I left with a nagging feeling that I might have dotted my 't's and crossed my eyes. Something felt thing wrong. That is why I didn't look, much like when I have a gaping wound. Things are only as bad as you think they are.
Last night I sent a copy of a few proposals I have done to my pal Christopher in Baltimore. He wanted to see what one looked like.
Quick but significant sidebar: Christopher and I are old buddies. He is an artist/ballroom dancer/chimney sweep/firefighter/tattooless tattooist. We have always had a lot of fun communicating. We actually thought that our sarcastic banter about the artist/designer struggle might warrant a blog of its own. So we have an indulgent blog together: panspeter.blogspot.com. I don't think it is ready for people to see yet so no matter what! Don't look at it! You will be sorry if you do. You might be better off trying to stuff as many grapes in your mouth as you can.
So I sent Ruppert a few proposals including the MOGmobile one and the library mobile task cart one. In the morning I woke to an email he sent me that goes as follows:
I think you may have blended the two projects in your library proposal.
You mention " the most rad, eyepopping, funky ass, vehicle anybody has ever seen" along with "a low maintenance, highly functional, public use, mobile task station" in one sentence.
I'm trying to picture the expression on Miss Crabapple's face as she tries to visualize this in the children's section.
While I was pillaging the carcass of the MOGmobile proposal I somehow managed to leave the first half of a sentence from the aforementioned and tied it in with the new proposal. The actual sentence was a brutal run-on that was so perfectly out of context it was ridiculous. What are you gunna do, right?
I managed to worm my way back to the library and replace all four cover letters and the cd with new and improved ones. Nobody saw. Phew!

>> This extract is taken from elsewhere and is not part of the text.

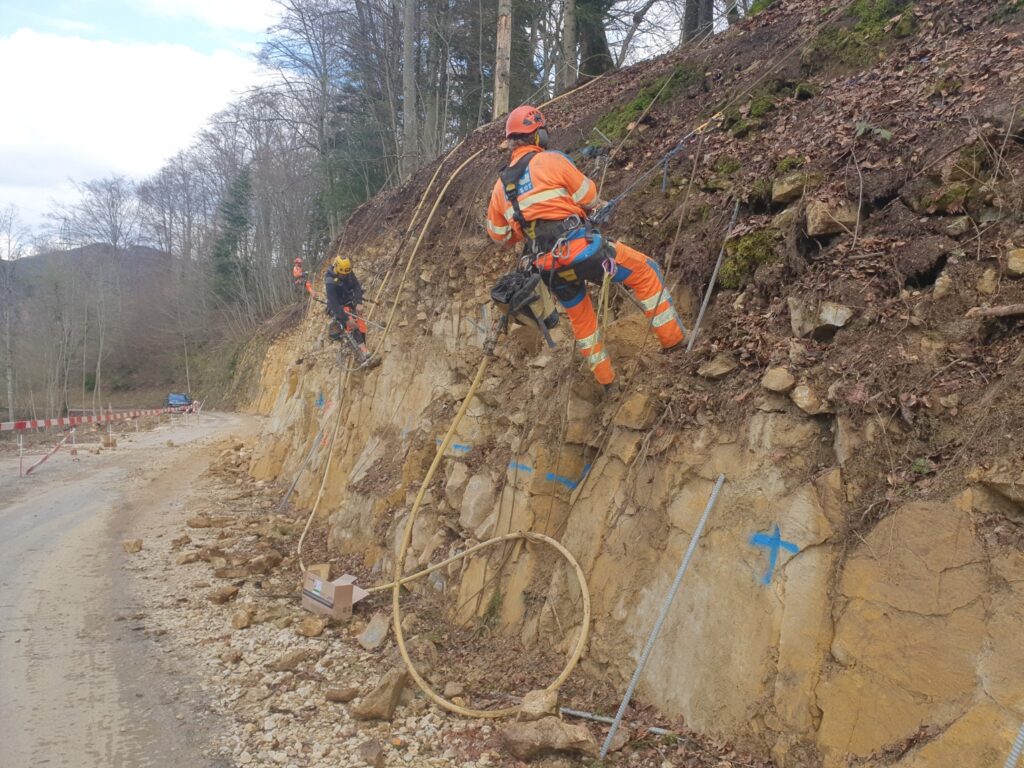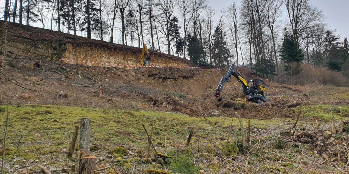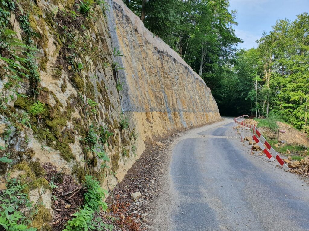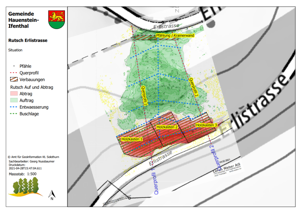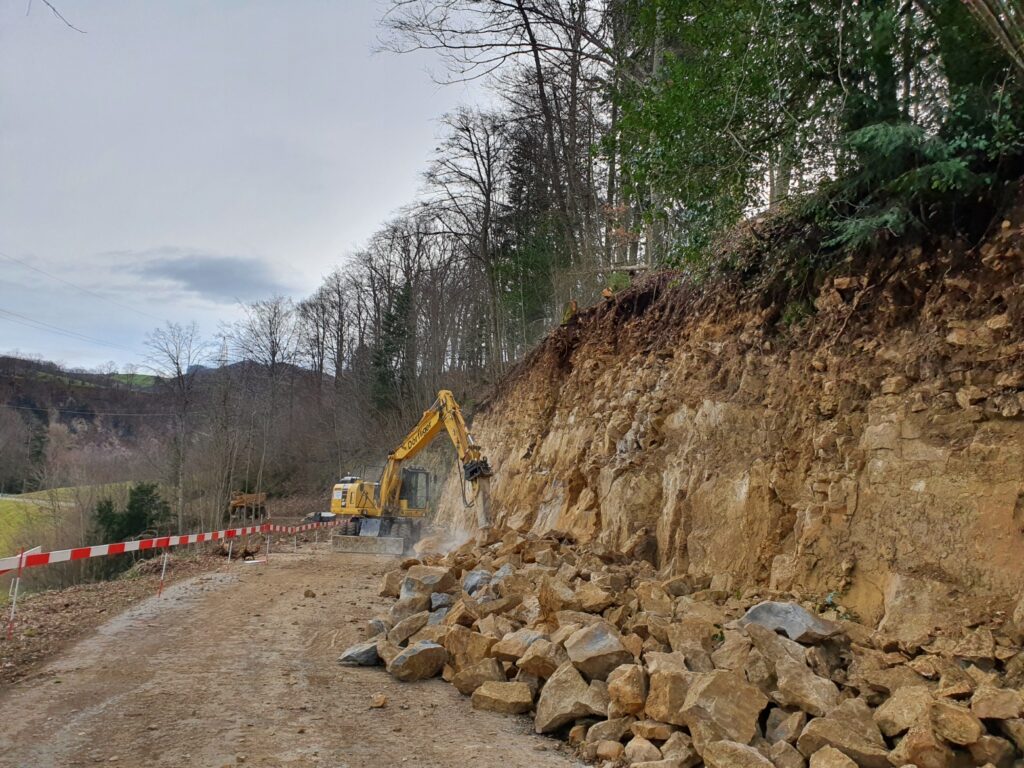 Durch die starken Niederschläge im Januar ist ein Teil der Erlistrasse, welche als Zufahrt zum Hof Oberwald und Zum Schiessplatz Erli-Horn-Spittelberg dient, abgerutscht. Unser Betrieb hat die Projektleitung bei der Sanierung übernommen. Nachdem der Rutsch gesichert und durch den Geologen Richard Waite, PNP Geologen AG beurteilt worden war, Wurde als Sofortmassnahme die Fahrbahn der Strasse in den südlichen Hang hinein verbreitert, so dass sich diese nun auf dem Fels befindet.

So just now, as I was recounting this blunder the land line rang and the lcd read "Aquent". I have been researching different phone options as my contract is about up, so I have been up to my eyeballs in wireless plans and such. So when I saw Aquent my first thought was that it was a telemarketer. I never answer those calls but for some reason I did today. The poor guy on the line was actually representing a creative talent agency and he had gig for me. I treated him with respect but I was very blunt. He asked if there was a better time for him to call and I said I would prefer it if he would never call again and said goodbye. As soon as I put the phone down I felt that feeling again. I quickly googled Aquent and the fog arose. AAHHHHGGG!!! I had to call right back and explain myself. What a day.